The operator of the stricken Fukushima nuclear plant is not making enough progress in clearing up radioactive water from the site, an leading adviser has warned.
Dale Klein, who chairs Tokyo Electric Power’s nuclear reform monitoring committee, said the company’s failure to dispose contaminated water from tanks at the site had left Tepco distracted from other important projects.
Klein’s warning comes on the third anniversary of the disaster at the Japanese nuclear plant, which suffered a meltdown following damage caused by the devastating tsunami which hit Japan in 2011.
Tepco, which has been forced to store thousands of metric tons of radioactive water, says decommissioning the plant could take four decades and cost as much as 11 trillion yen (£63billion).
Dismantling the plant will involve the removal of molten fuel from three reactors – a process never previously attempted, Klein warned.
“They are making progress, though not yet enough, on the long-term challenge posed by groundwater,” he said.
“There is a tendency to divert attention – and resources – from addressing and solving the main challenge posed at Fukushima: How do we keep the molten fuel and the spent fuel cooled and how do we safely remove molten fuel from damaged containment vessels?”
Klein, who has headed the monitoring body since September 2012, has been critical in the past of safety standards at the Japanese utilities giant.

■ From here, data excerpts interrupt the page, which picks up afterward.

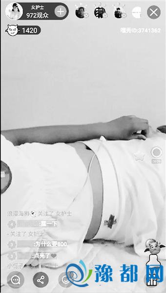 7月27日零点左右,北青报记者登录“嘿秀”平台,随机进入一间主播昵称为“女护士”的直播间。直播页面显示约有1000人在线观看,直播间内,女主播身着“护士”制服躺在床上,其间,她回复房间内的观众问题时表示,“肯定露啊,但不是在这里,是在QQ群里”,并留下QQ群号码。随后,女主播在直播时不断重复称:QQ群满800人开播,保证主播本人大尺度表演。
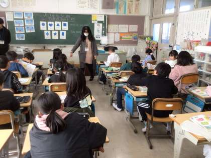12月12日 外国語活動(3年生) 公開日 2025/12/12 更新日 2025/12/12 校長室から 3年生は外国語で「This is for you.」の学習をしています。 ALTの先生と一緒に「How many〜」の尋ね方を練習していました。
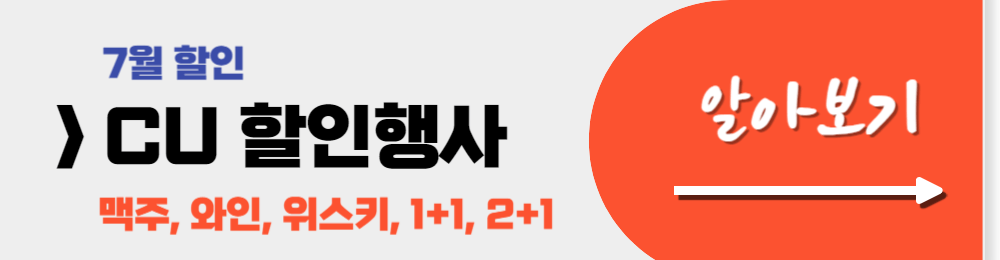 cu 7월 행사를 기다리시는 분들 많으셨죠? 오늘 씨유 7월 맥주 행사, 와인 행사, cu 1+1, cu 2+1 등 모든 걸 정리해 드릴 테니 cu 편의점에서 구매할 게 있으신 분들은 오늘 포스팅 참고하셔서 저렴하게 구매하시기 바랍니다.
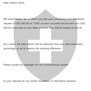 邮件中说明 在13/9月当天 出金250美金,但overpay给我。但是 我实际收到的也只有一笔也就是我提交的250usd ,没有500usd
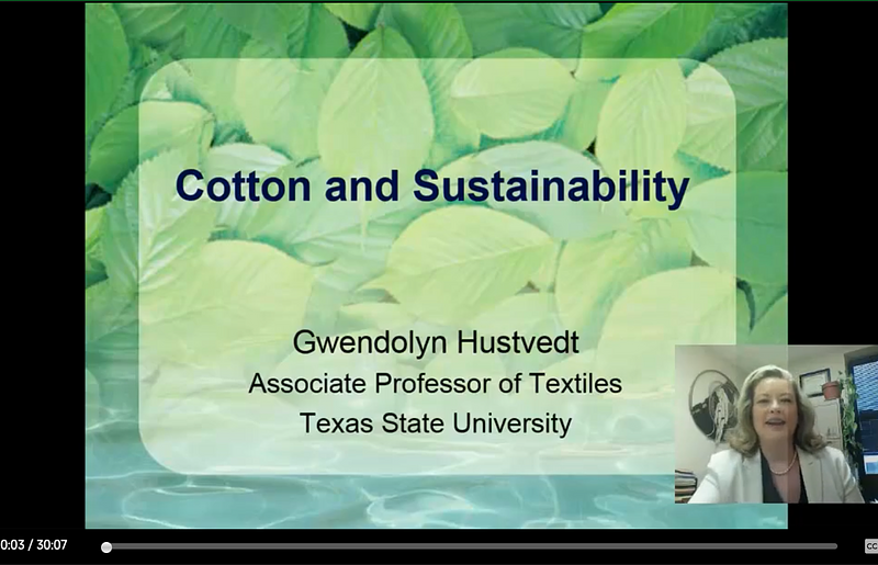 I created this short presentation about cotton and sustainability to present to students in my courses that do not have a primarily textiles focus. I will be sharing this presentation, as I have for several years now, with students in the UT-Austin Interior Design program.  In this 30 minute presentation, I examine organic agriculture, genetic modification, climate change, water systems and technology from a scientific and common sense approach.
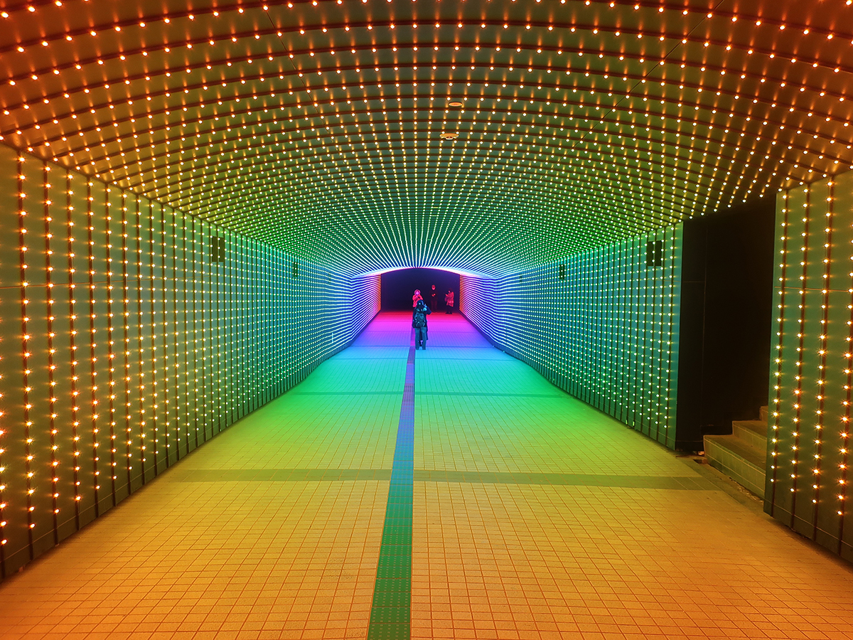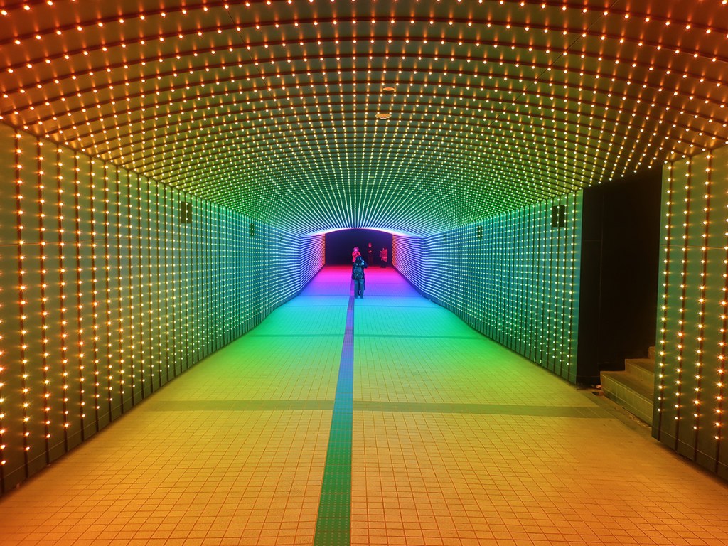 Even the dull indoor hallways that get you from here to there have been transformed into digital environments that make you want to linger to see all the ways you can walk the light fantastic.

While Tepco has had treatment systems in place for removing the contaminant cesium since shortly after the March 2011 disaster, and is testing a filter for the radioactive element strontium, it has no means of removing the tritium.
“It is safer to release that water in a controlled manner, proper dilution, than it is to keep it in tanks,” Klein said.
A Tepco spokeswoman said the company was working with the government on a plan to deal with contaminated water at the site, but could not release the water into the ocean without government approval.